Libyen: Die Welt schweigt zu ethnischen Säuberungen

Schwarze sind der Gewalt der libyschen Rebellen hilflos ausgeliefert

Schwarze sind der Gewalt der libyschen Rebellen hilflos ausgeliefert

Soeben hat Amnesty International einen neuen Bericht zur Lage der Menschenrechte in Libyen vorgelegt (siehe hier). Menschenrechtsverletzungen des Gaddafi Regimes sind bestens bekannt. Sie werden täglich in den Medien berichtet. Um auf sie hinzuweisen, bedarf es hier keines gesonderten Artikels, wobei ihr Vorliegen und die Verurteilung, der sie bedürfen, außer Frage stehen. Anders steht es jedoch um die Menschenrechtsverletzungen der Rebellen. Diese werden in unseren Medien nur gelegentlich erwähnt und sie drohen unterzugehen in Begriffen, wie “Befreiung”, Freiheitskämpfer” oder “jubelnde Menschen”.

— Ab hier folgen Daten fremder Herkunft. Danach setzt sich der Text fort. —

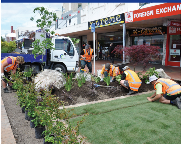
Council staff planting one of four Tutanekai/Pukuatua street intersections.

Rotorua District Council gardens staff have reconfigured and replanted the four corners of the Pukuatua/Tutanekai street intersections, including laying areas of ready-lawn.
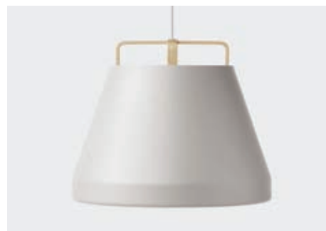
LIGHT GREY / NATURAL OAK HANGER

— Item No. 80122 LAMP — Spindled Aluminium / White inside HANGER / CORD — Form-pressed Oak Veneer / Grey Cord
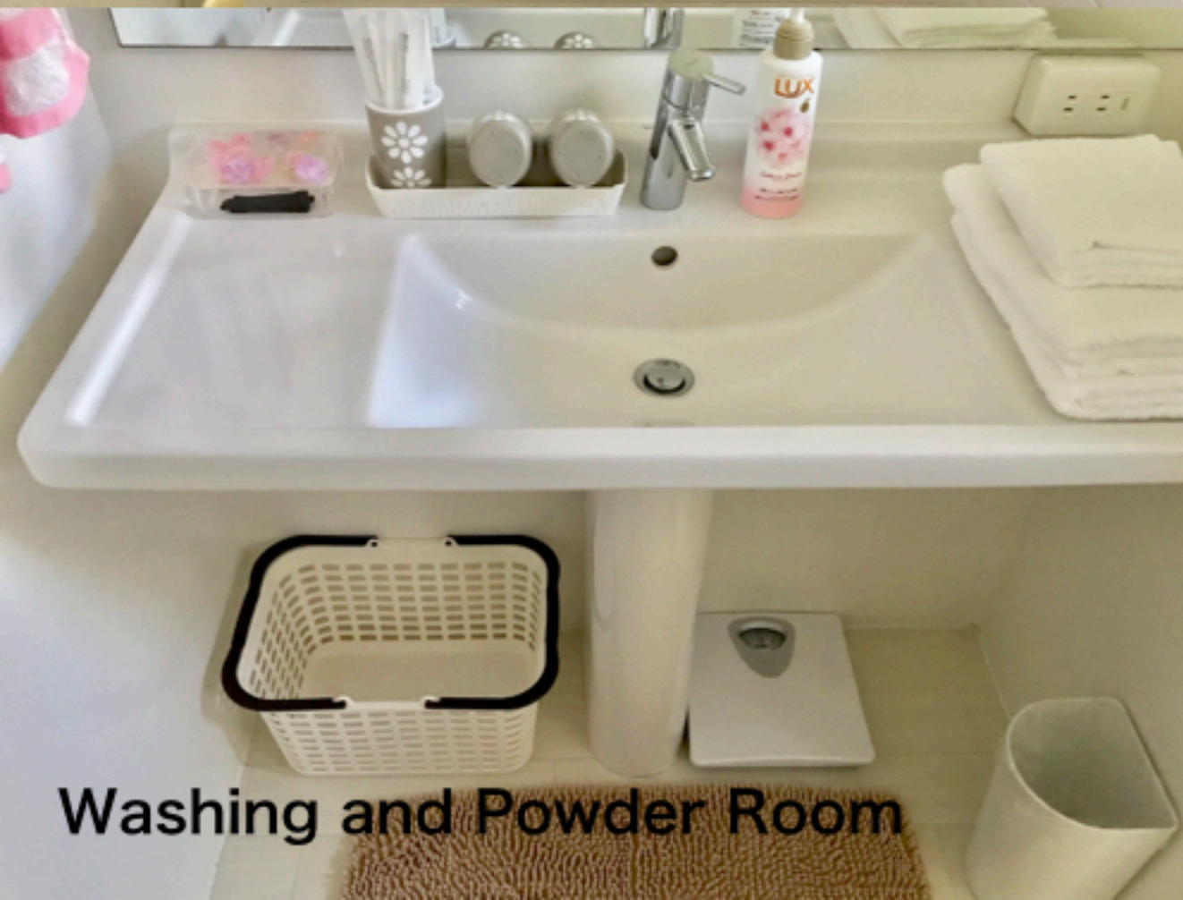
Washing and Powder Room

Im Bericht von AI lesen wir bezüglich der Rebellen von systematischen Folterungen, Tötungen, auch öffentlichen Exekutionen und Vertreibungen von schwarzen Menschen, sowie von jedem, der real oder nur verdachtsmäßig auf Seiten der Gaddafi Loyalisten stand oder steht. Ein Fall bezieht sich auf Soldaten des Regimes, die gefesselt und erschossen vorgefunden wurden. Es hießt – auch in unseren Medien – Gaddafis Soldaten hätten sie erschossen, weil sie den Schießbefehl verweigerten. AI aber hat die Bilder ihrer vorherigen Gefangenennahme durch die Rebellen gesehen. Wie viele weitere solche Fälle mag es gegeben haben?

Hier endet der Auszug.